Puis la Première Guerre mondiale a éclaté, sapant la confiance que la raison humaine et la compréhension fraternelle étaient capables de contenir ce que les libéraux considéraient comme des passions irrationnelles, comme le nationalisme. Après la Première Guerre mondiale, les progressistes ont organisé ce qu'ils pensaient être un règlement équitable des revendications territoriales, convaincus qu'un tel arrangement raisonnable permettrait d'éviter une autre guerre. Mais la Seconde Guerre mondiale a éclaté et la confiance dans le fait que la raison serait un chemin vers la paix n'a fait qu'augmenter.

Quelques semaines après que les États-Unis eurent utilisé la bombe contre le Japon, un groupe d'experts à Yale a conclu qu'il serait impossible de se débarrasser des armes nucléaires. Si deux pays dotés de l'arme nucléaire interdisaient effectivement la bombe, ils se rendraient compte, puis entreraient en guerre l'un contre l'autre, que les deux pays feraient la course pour être les premiers à construire la bombe et à l'utiliser de l'autre. Il vaudrait mieux pour les nations de ne pas désarmer en premier lieu.

Les conservateurs étaient plus enclins à accepter la permanence des armes nucléaires que les libéraux. Alors que les conservateurs se joignent aux libéraux pour s'opposer à la propagation des armes nucléaires à d'autres pays, ils ne cherchent pas à abolir le nucléaire en tant que technologie.

Les libéraux croient qu'ils cherchent l'abolition nucléaire parce qu'ils s'en soucient davantage ou parce qu'ils sont plus sensibles que les conservateurs, qui ont tendance à rejeter les espoirs libéraux d'abolition des armes nucléaires comme étant idéalistes et irréalistes. Mais les racines de l'opposition libérale résident dans le rationalisme kantien. Ce qui est si affligeant, pour les libéraux, au sujet des armes nucléaires, c'est qu'ils - et non la raison, la diplomatie et l'amour fraternel - sont en train de mettre fin à la guerre.

De 1400 à 1945, les morts des guerres et des batailles ont augmenté avec les valeurs des Lumières. Depuis lors, le nombre de morts causées par les guerres et les batailles a chuté de 95%. "Il semble inéluctable que ce qui a vraiment fait la différence en induisant cette prudence inhabituelle, a noté l'historien de Yale John Gaddis, a été le fonctionnement de la force de dissuasion nucléaire."
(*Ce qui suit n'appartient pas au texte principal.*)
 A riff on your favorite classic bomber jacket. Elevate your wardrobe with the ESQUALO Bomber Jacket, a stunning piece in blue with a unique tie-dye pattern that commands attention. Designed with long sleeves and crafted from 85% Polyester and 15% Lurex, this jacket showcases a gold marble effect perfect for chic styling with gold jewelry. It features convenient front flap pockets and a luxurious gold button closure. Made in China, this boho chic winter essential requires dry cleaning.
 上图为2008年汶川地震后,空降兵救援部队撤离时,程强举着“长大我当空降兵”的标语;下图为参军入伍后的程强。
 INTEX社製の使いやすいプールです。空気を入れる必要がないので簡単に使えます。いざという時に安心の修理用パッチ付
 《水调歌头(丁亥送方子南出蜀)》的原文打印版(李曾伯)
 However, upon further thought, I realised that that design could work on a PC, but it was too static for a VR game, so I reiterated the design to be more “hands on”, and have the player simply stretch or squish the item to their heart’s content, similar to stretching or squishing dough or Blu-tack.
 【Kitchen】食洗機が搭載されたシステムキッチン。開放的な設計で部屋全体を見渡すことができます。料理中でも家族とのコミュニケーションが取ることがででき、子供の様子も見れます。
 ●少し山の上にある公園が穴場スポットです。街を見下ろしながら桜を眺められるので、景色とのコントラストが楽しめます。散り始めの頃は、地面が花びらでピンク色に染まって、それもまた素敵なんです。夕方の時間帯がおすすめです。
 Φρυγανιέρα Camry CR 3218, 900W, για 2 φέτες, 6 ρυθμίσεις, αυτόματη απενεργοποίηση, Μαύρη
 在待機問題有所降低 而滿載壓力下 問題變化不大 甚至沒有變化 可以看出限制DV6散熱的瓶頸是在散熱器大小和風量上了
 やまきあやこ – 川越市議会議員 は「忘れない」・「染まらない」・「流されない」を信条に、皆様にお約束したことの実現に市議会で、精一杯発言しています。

Après avoir fait des merveilles entre les États-Unis, l'Union soviétique et la Chine, la dissuasion nucléaire a fait des merveilles entre l'Inde et le Pakistan. Au début de l'année, les deux pays ont mené une "guerre" pour une région frontalière contestée. Tu l'as peut-être raté parce que si peu de gens sont morts.
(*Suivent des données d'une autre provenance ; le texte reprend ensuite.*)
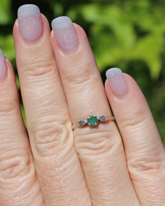 Vintage Natural Emerald Ring with Leaf Shoulder Details, Sterling Silver, size K or 5.25, 1.0g
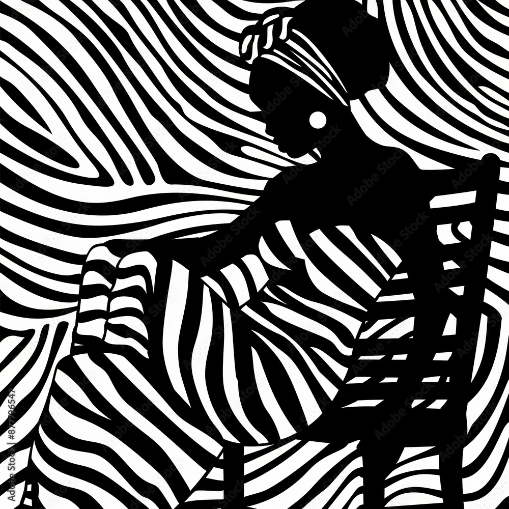 A woman in a chair sits against a black and white zebra stripe background #877796547
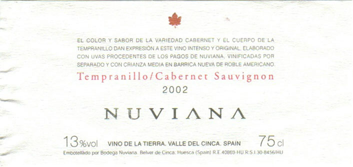 - (赤) スペイン: NUVIANA TEMPRANILLO/CABERNET SAUVIGNON (2002)
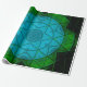 Mosaic Kaleidoscope Flower Green and Blue Wrapping Paper
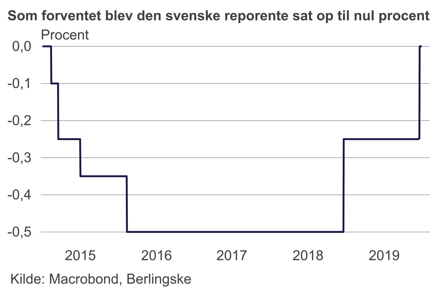 Ligesom det var tydeligt i referatet fra mødet i oktober, gør Riksbanken det også klart i dagens pressemeddelelse, at man ikke har noget principielt imod negative renter: Renten kan sættes op og ned fra det nuværende niveau efter de økonomiske forhold. Det ændrer dog ikke på, at timingen af renteforhøjelsen gør det nærliggende at drage en mere håndfast konklusion om Riksbankens forhold til negative renter som instrument.
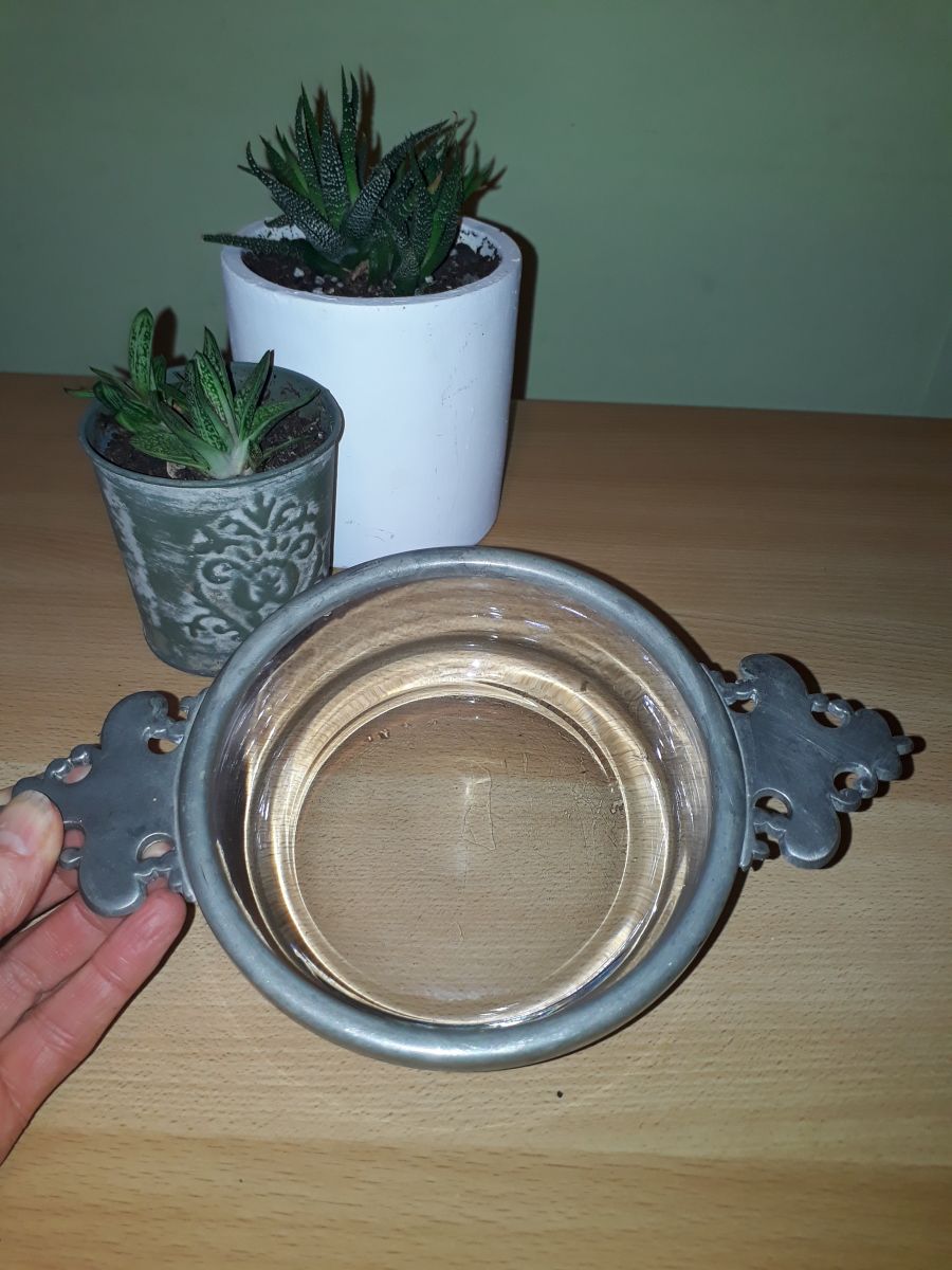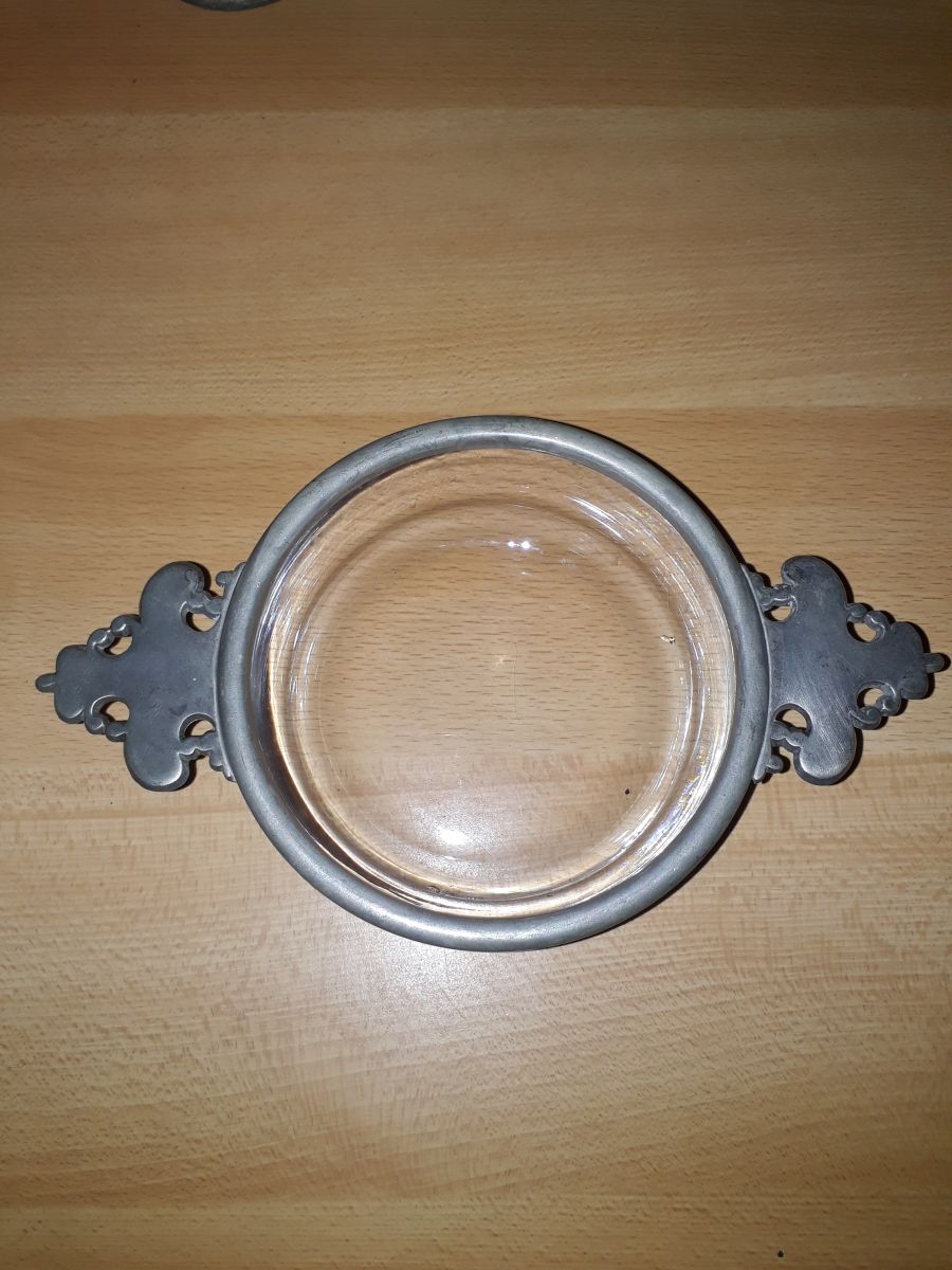 Coupelle Etain et verre signée "les étains du manoir" France

"En Asie du Sud, dit Sumit Ganguly, expert indien et pakistanais, la dissuasion nucléaire a, à toutes fins pratiques, éliminé la perspective d'une guerre totale. Ça n'arrivera pas, c'est tout. Les risques sont si grands en raison de la nucléarisation du sous-continent qu'aucune des deux parties ne peut sérieusement envisager de déclencher une guerre."
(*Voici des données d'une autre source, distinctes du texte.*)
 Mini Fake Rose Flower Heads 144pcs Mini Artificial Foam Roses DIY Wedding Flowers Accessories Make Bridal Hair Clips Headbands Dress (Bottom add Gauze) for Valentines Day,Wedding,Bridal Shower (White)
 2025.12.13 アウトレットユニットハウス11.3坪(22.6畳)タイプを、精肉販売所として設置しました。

Consciemment ou inconsciemment, les libéraux et les progressistes croient que la "paix perpétuelle" aurait dû résulter de l'usage de la raison, de la compréhension mutuelle et de l'amour fraternel - bref, de l'union des nations - et sont tristes, déçus et en colère qu'elle soit plutôt le résultat d'une arme.

Pourquoi nous revenons au nucléaire
Le vrai problème du nucléaire, en bref, c'est qu'il résout nos plus gros problèmes : la guerre, la pauvreté, la rareté des ressources, la dégradation de l'environnement et le changement climatique. En tant que telle, elle prive les élites puissantes des nations puissantes de la base intellectuelle et morale nécessaire pour exiger le contrôle des territoires, des ressources, des économies et des populations étrangers.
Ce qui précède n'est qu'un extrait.